Wednesday 5 May 2010

Press and Biscuits

I am up early. A journalist and photographer from The Times are due this morning and the flat is a tip. I also realise that I have no biscuits to offer them. Or milk, or tea, or coffee.

While I am out, my agent calls me to tell me that a radio station, having seen an article about the book in a newspaper, is interested interviewing me about the film version of the book.

“Fine,” I say, not really concentrating as I try to decide between All Butter Flapjacks or Luxury Chocolate Chip Cookies.

I go for the Flapjacks and fret all the way back to the house whether I have made the right choice. I am plumping up cushions, and wondering whether I should pop out for the Chocolate Chips when the journalist arrives. I take her coat and offer her a cup of tea or coffee and hope the biscuits are acceptable.

“Just a glass of water, thanks,” she says as she gets out her notepad and Dictaphone. I knew I should have gone for the Chocolate Chips.

The Dictaphone is as big as an old mobile phone and squeaks as the spools turn. Somehow, I find this reassuring.
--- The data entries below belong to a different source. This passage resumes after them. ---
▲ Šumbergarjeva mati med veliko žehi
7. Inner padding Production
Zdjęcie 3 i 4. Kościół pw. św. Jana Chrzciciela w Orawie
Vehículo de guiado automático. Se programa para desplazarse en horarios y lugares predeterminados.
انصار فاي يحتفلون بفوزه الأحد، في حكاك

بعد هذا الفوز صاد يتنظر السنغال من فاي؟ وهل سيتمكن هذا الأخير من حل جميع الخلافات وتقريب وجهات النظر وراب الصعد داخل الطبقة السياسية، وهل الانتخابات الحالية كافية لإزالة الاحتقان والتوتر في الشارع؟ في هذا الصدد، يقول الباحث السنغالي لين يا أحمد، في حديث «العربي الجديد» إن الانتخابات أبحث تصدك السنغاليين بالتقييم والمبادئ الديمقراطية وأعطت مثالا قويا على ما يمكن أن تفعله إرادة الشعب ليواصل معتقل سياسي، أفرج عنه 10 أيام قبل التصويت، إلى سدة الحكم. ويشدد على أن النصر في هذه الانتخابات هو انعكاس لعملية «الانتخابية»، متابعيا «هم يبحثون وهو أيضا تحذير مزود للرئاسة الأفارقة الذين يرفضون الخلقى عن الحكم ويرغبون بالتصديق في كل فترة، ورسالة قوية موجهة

I am impressed by the thoroughness of her interrogation. She drills down deep on the parallels between my great grandfather and me, and our attitudes to relationships, family and commitment. Afterwards I feel like I have been on the psychiatrist’s couch and just hope that my answers make good copy. Being interviewed in the press is a bit like being in an exam; you never really have any idea how you have done until the results are published.

Shortly after she leaves, the photographer arrives. I was hoping for a coterie of make-up and wardrobe assistants, and that I would get a whole season’s worth of free clothing, but it’s not that type of shoot, apparently. It’s just the photographer and me. He photos me on the roof terrace, the landing and the stairs. “Stair wells often have good light,” he says.
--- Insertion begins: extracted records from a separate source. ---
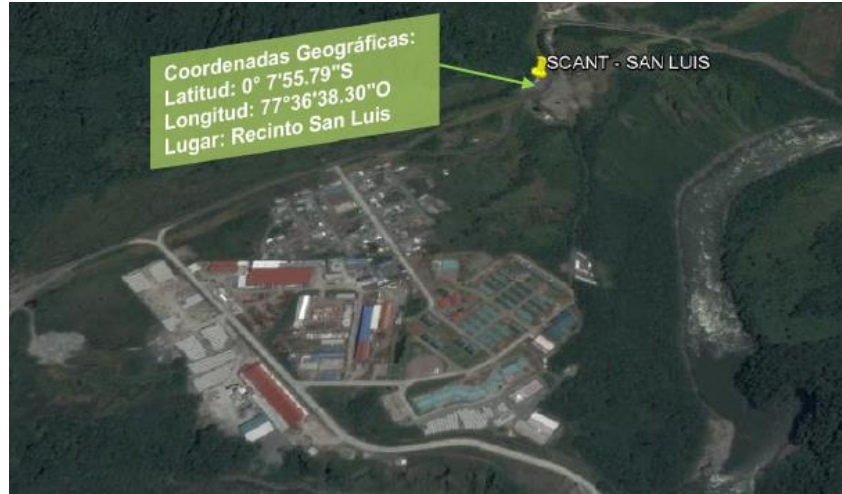
Imagen 1. Nodo "San Luis" ubicado en el recinto San Luis, en la vía a Quito (Troncal Amazónica), provincia de Napo.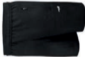
BASICS Women Shorts with Pockets AGA-1248X AGA-1248X XS-XL 24,90€ 25,90€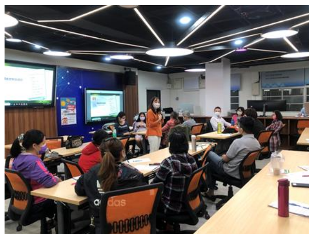
110-02 親職講座(一)親子一同參加講座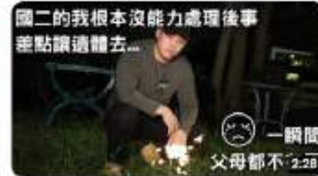
國二是我最無助的時光 | 還是什麼東西 Podcast 觀看次數：12次，2個月前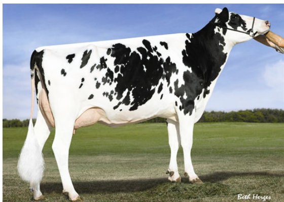
OCONNORS SUPER BABY DAM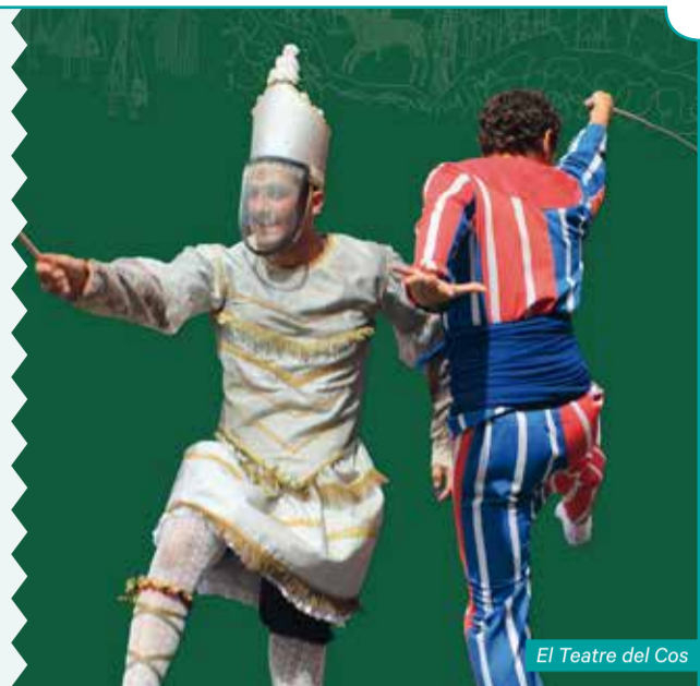
El Teatre del Cos

Les tradicions líriques trobadoresques i joglaresques occitanocatalanes, franceses, andalusines i castellanes, la influència dels mestratges de dansa italiana, així com les coreografies representatives dels gremis urbans, les pràctiques rituals cristianes o les performances rurals constitueixen algunes de les contribucions que se situen a l'origen de la coreùtica d'aquests territoris.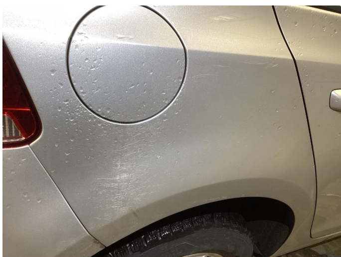
1.1 Riper høyre bakskjerm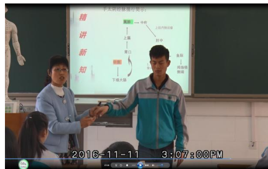
盲生“模特”协助教师展示经络循行路线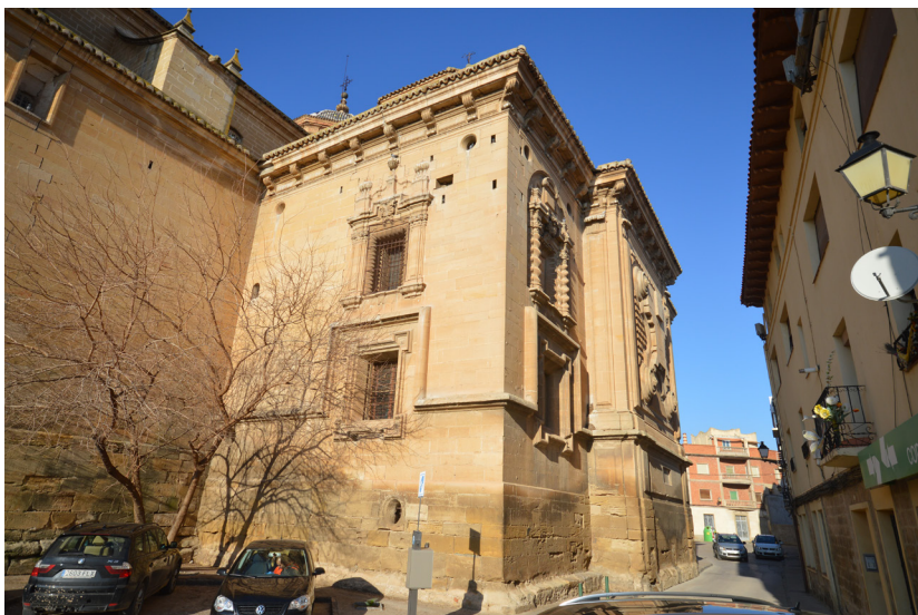
Fig. 1. Alcañiz (Teruel). Iglesia de Santa María la Mayor. Capilla de la Soledad. Exterior.

As he is setting up the last shot, the researcher from BBC Tees phones to make sure I’m okay to be interviewed for the primetime show. I say I am and go back face the camera.

An hour later and I am on the phone, listening to BBC Tees. I am staring out of the window, my mind drifting. Suddenly, I’m on.

“And we’re now joined by the writer of The Mango Orchard, which is about to be made into a Hollywood feature film.”

I have to answer briefly, and positively, about the movie which is far from being finalised. I talk about the conversations, rather than the inconclusive nature of them.

“Why do you think your book will make a good film?” she asks.

I tell the story. I talk about the tales my grandma told me as a boy, about the bandits and the bags of silver and the narrow escape from the Mexican Revolution. Then I talk about my journey, about how I tracked down the small village near a small town near Guadalajara... Over five minutes as gone and I haven’t heard a word from the interviewer. Is she still there? I carry on talking about the factory where my great grandfather worked, about my newly-found uncle who greeted me... I still haven’t heard a thing and I wonder whether it is more pathetic to be speaking to a dead telephone line, or to say “Hello? You there?” in the middle of a live broadcast.

Finally she interrupts me. “Who would you like to play you in the film?”

“James McAvoy,” I say. I like Martin Compston, who recently starred in The Disappearance of Alice Creed, but I momentarily forget his name.

I hang up and open the packet of All Butter Flapjacks.